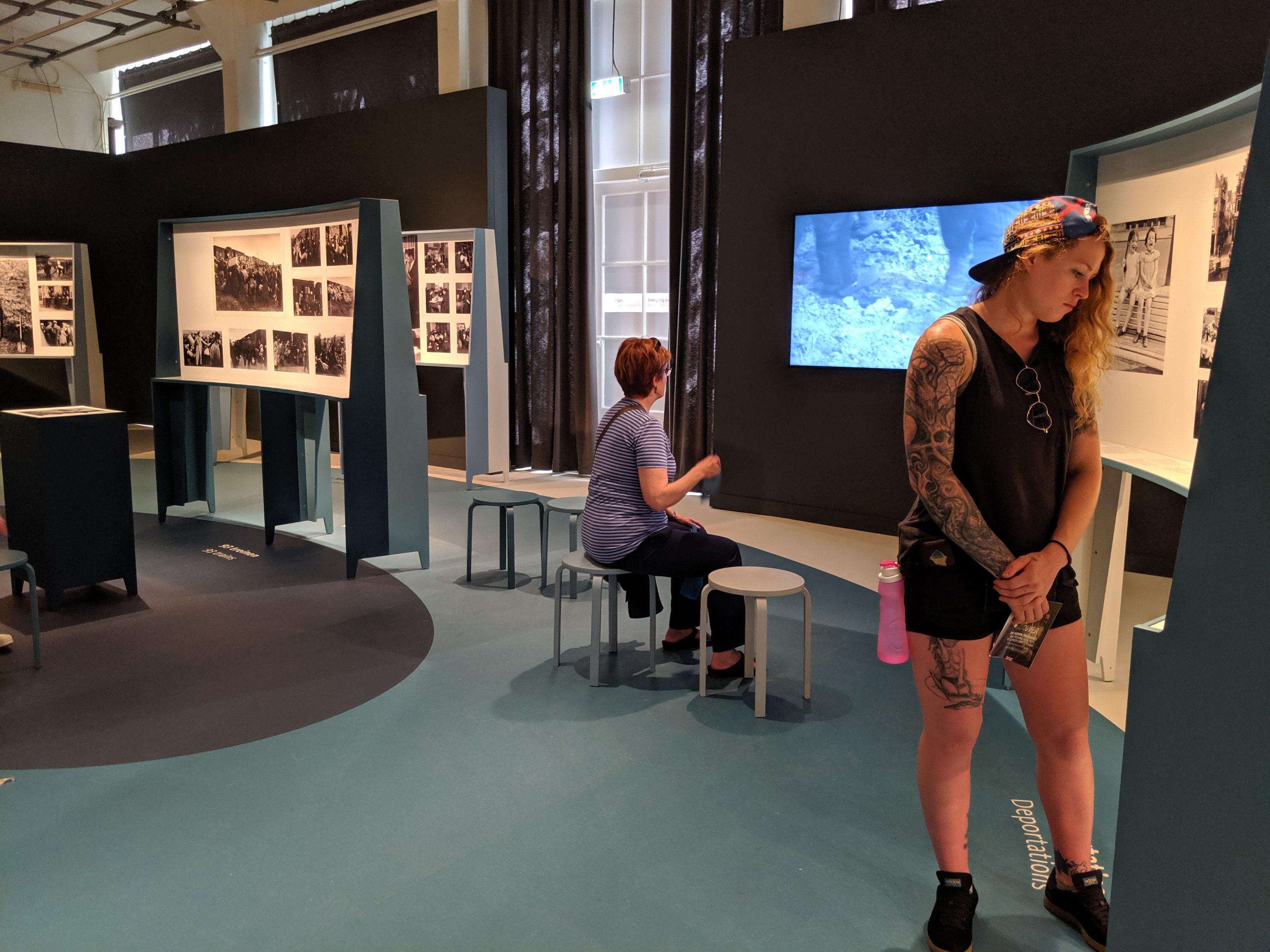 Next we took the ferry across and walked to the Amsterdam dungeon. I don’t like haunted houses but this was fun. I didn’t take pictures, they were not allowed but actors talked about Dutch history with a few scary spots throughout. They used people in their acts recreating sentencing people for witchcraft, etc. Lots of funny but that were pretty entertaining and a few scary parts that were well done. Best part: we were out if the heat.
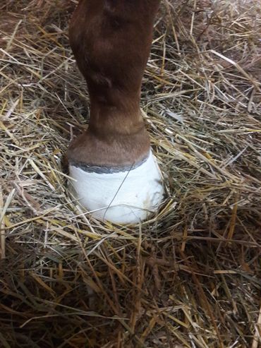 Since her hoof wall on that foot was still kind of soft, the vet put another casting tape around it to insure she won't loose the shoe.
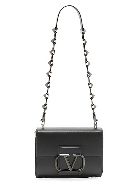 Accompanied by a Rockstud chain strap, Valentino Garavani's shoulder bag is punctuated with signature VLogo hardware. This Italian-made piece is crafted of rich calf leather.
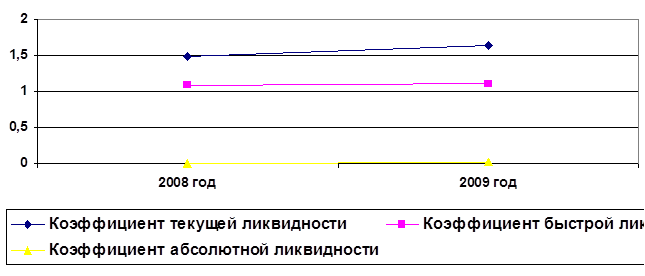 В анализируемом периоде коэффициент текущей ликвидности имел тенденцию к росту и изменился c 1,47 и до 1,64. Способность предприятия рассчитываться по своим текущим обязательствам возросла.
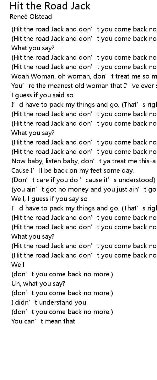 | Hit the road Jack and don' t you come back no more. | |
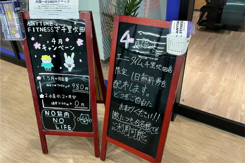 4月限定のキャンペーンとして、1日無料券を配布中。エントランス前の看板にあるため、自由にゲットすることができます。「エニタイムフィットネス」のマシンや設備を体感でき、ジムデビューを迷っている方にぴったり♪1枚につき使用人数の制限もないため、家族や友人を誘って行ってみるのもいいですね。さらに、4月中に入会すると翌月の月会費が通常7,480円のところ、980円になるといったお得な情報も!
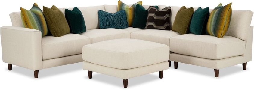 Sophisticated and modern, this group has 8 inch Blend Down seat cushions that are plush but supportive, while the LuxDown toss pillows are squishy soft, giving this piece a casual relaxed style. Loose box back pillows, waterfall track arms and conical shaped legs are some other key details that make this piece so special. 7 pieces available: Right Arm Chair 1/2, Left Arm Chair 1/2, Right Arm Chaise, Left Arm Chaise, Armless Chair 1/2, Corner, and Ottoman. 2 toss pillows are standard on each modular piece.
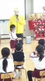 もうすぐ小学校に行くあやめ組さんに安パトさんが「通学路における安全啓発」のお話を...
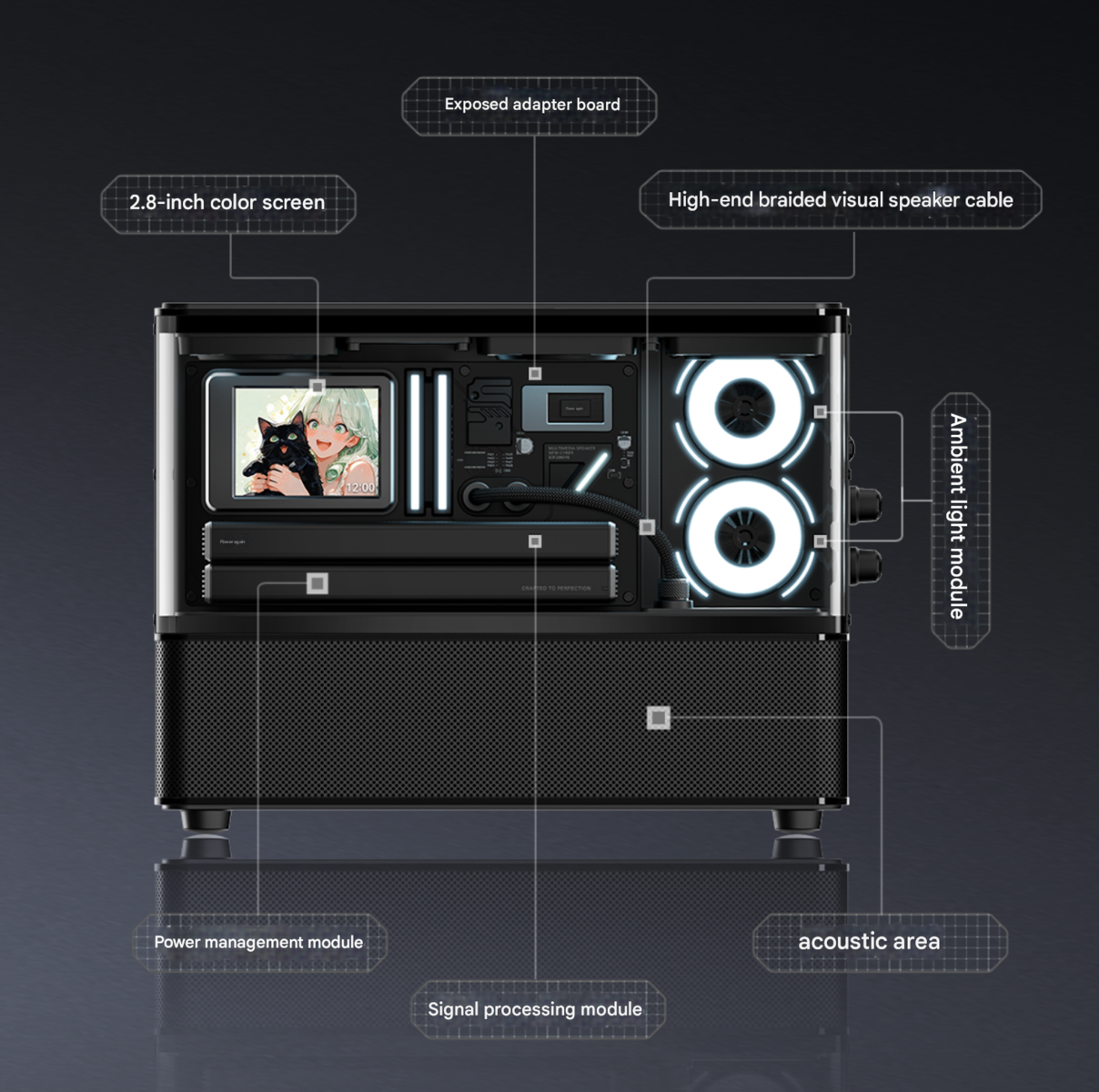 Annak érdekében, hogy a dizájn még valósághűbb lehessen, egy klasszikus PC felépítését utánozták, így rejtették el a tápellátással és a jelfeldolgozással foglalkozó komponenseket egy speciális házba, ami formavilága miatt egy klasszikus gamer videokártyára emlékeztethet. A manapság oly divatos kétkamrás felépítést imitáló ház felső részén helyet kapott egy 2,8 hüvelykes képátlójú színes LCD kijelző is, ami alap esetben animációkat jeleníthet meg.Ez a komponens a mai modern kompakt folyadékhűtő rendszerek folyadékhűtő blokkjára emlékeztet, mellette pedig két fehér LED csíkot alakítottak ki, ami az RGB LED világítással ellátott memóriamodulokat szimbolizálja – ezekből azért van kettő, mert egy normál Mini-ITX formátumú alaplap jellemzően csak két memóriamodult fogad, helytakarékossági okokból. A rendszer tartalmaz még két szövetbevonatú kábelt is, amelyek a folyadékhűtő szett csöveit szimbolizálják, ezek pedig egy rácsos alsó komponenshez futnak, amit akár hőleadó radiátorként is értelmezhetnénk – a cél mindenképpen ez volt. A hát első részén még némi extra világítást is elhelyeztek, ami a klasszikus rendszerhűtő ventilátorokat szimbolizálja.

#### Work required:
Start at the line containing "Accompanied by a" above and stop at the line containing "В анализируемом периоде". Output those lines exactly, both included, but none of the pictures.

#### Exercise answer:
 Accompanied by a Rockstud chain strap, Valentino Garavani's shoulder bag is punctuated with signature VLogo hardware. This Italian-made piece is crafted of rich calf leather.
 В анализируемом периоде коэффициент текущей ликвидности имел тенденцию к росту и изменился c 1,47 и до 1,64. Способность предприятия рассчитываться по своим текущим обязательствам возросла.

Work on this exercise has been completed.